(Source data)
BEGIN
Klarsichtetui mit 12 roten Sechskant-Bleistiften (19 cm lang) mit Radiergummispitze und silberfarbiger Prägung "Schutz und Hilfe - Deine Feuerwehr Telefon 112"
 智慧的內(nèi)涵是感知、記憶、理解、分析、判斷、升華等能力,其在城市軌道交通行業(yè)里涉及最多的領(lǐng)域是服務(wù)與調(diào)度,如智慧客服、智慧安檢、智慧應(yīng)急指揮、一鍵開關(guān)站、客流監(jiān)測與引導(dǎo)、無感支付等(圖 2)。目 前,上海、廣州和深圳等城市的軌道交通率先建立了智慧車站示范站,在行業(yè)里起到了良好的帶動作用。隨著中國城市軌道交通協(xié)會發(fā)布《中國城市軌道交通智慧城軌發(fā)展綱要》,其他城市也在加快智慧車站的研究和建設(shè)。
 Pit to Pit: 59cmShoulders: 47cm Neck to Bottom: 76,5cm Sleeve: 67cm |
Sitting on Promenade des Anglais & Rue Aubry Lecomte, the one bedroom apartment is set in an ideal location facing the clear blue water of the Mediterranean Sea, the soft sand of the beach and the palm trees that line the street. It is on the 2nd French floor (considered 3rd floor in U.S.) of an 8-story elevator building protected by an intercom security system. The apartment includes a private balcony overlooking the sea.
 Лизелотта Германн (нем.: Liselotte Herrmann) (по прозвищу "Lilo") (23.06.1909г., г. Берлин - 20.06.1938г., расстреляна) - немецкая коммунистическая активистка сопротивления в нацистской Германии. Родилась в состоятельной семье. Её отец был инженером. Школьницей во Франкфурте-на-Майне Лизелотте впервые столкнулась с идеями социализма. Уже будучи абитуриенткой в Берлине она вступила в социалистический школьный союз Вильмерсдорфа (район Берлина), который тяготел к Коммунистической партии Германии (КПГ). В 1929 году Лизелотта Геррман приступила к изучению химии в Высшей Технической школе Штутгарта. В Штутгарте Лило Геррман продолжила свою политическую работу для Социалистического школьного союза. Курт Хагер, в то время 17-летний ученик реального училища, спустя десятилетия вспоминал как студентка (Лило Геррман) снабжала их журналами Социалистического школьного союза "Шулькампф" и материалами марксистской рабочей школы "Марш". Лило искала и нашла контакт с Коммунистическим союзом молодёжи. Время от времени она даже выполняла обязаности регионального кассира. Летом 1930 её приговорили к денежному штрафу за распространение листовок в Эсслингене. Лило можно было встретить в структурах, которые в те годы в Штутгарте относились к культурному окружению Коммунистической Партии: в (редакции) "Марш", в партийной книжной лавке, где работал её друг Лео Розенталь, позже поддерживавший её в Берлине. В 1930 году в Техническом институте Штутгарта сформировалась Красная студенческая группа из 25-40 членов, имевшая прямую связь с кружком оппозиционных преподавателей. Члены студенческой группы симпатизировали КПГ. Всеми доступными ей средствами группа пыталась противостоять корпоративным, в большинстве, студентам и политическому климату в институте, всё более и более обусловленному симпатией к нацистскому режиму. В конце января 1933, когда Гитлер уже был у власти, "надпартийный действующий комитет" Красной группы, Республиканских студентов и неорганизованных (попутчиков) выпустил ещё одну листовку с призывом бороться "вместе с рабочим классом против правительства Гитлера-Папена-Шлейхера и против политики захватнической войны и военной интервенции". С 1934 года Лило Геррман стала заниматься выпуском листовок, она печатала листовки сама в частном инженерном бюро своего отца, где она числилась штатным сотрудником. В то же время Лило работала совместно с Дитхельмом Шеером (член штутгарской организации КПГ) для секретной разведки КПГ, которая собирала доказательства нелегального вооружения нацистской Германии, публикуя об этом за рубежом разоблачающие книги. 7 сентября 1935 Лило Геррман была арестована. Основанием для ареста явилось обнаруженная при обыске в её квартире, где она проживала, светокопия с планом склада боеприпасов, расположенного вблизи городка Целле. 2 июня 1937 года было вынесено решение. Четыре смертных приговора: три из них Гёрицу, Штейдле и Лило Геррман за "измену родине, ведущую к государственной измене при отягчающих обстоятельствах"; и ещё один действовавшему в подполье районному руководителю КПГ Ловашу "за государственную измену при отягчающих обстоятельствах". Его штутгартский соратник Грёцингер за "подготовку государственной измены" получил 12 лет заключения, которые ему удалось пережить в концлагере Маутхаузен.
END
Look above for the line that contains "Pit to Pit: 59cmShoulders: 47cm". Starting there, transcribe every line exactly until you have copied the line that contains "Sitting on Promenade".

 Pit to Pit: 59cmShoulders: 47cm Neck to Bottom: 76,5cm Sleeve: 67cm |
Sitting on Promenade des Anglais & Rue Aubry Lecomte, the one bedroom apartment is set in an ideal location facing the clear blue water of the Mediterranean Sea, the soft sand of the beach and the palm trees that line the street. It is on the 2nd French floor (considered 3rd floor in U.S.) of an 8-story elevator building protected by an intercom security system. The apartment includes a private balcony overlooking the sea.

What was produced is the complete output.